Q16 関節の曲がりが悪くなったのですが、どんな基準で認定されますか?

関節の機能障害が残った場合は、健康な側の曲がる角度と、後遺症がある側(患側)の曲がる角度を比べて、 どれくらい曲がらなくなったのかによって、認定される 等級が違ってきます。4分の3以下に制限された場合と2分の1以下に制限された場合などのように、決められています。単に曲がらないことだけでなく、 曲がらないことについて、骨が変形しているなどの理由がはっきりしている必要もあります。

Q17 高次脳機能障害はどのように評価されますか?

事故後の意識レベルや脳室拡大などの画像所見のほか、神経心理テストや日常生活の状況などによって評価され、等級認定されます。

Q18 顔に残った傷も後遺症になるのですか?

外貌醜状といって、後遺障害となります。傷の位置や程度によって認定される等級は異なります。 10円玉以上の大きさとか、3センチ以上の長さなどの基準がありますが、色の濃さなども関係してきます。 比較的軽いものでは、男性は14級、女性は12級。重いものでは 男性は12級、女性は7級になります。

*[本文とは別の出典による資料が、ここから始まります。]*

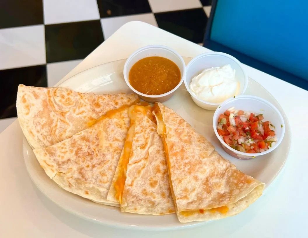 Come taste our new "Quesadilla” Vegetarian, a cheesy marvel that combines cheddar and Monterrey jack cheeses with zesty tomatillo salsa and a sprinkle of our famous Atomic Mix. It's a fiesta on a plate, perfect for those who crave flavor with a kick.
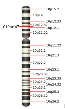 The gene spans 142,366 base pairs and is located at the 10p12.2 locus on the minus (-) or sense strand of chromosome 10. It is flanked upstream by the gene ARMC3[8] and downstream by the gene KIAA1217.[9][10] These genes are approximately 150,000 bp and 350,000 bp from C10orf67, respectively.

Q19 耳鳴りが残ったのですが、何級に認定されますか?

耳鳴りの原因にもよりますが、14級または12級に認定される可能性があります。

Q20 視力が悪くなったのですが、等級認定されますか?

視力が落ちるのにはいろいろな原因があります。視神経の損傷などがあり、矯正もできず、 等級表に定められた程度の視力の低下がある場合は、認定される場合があります。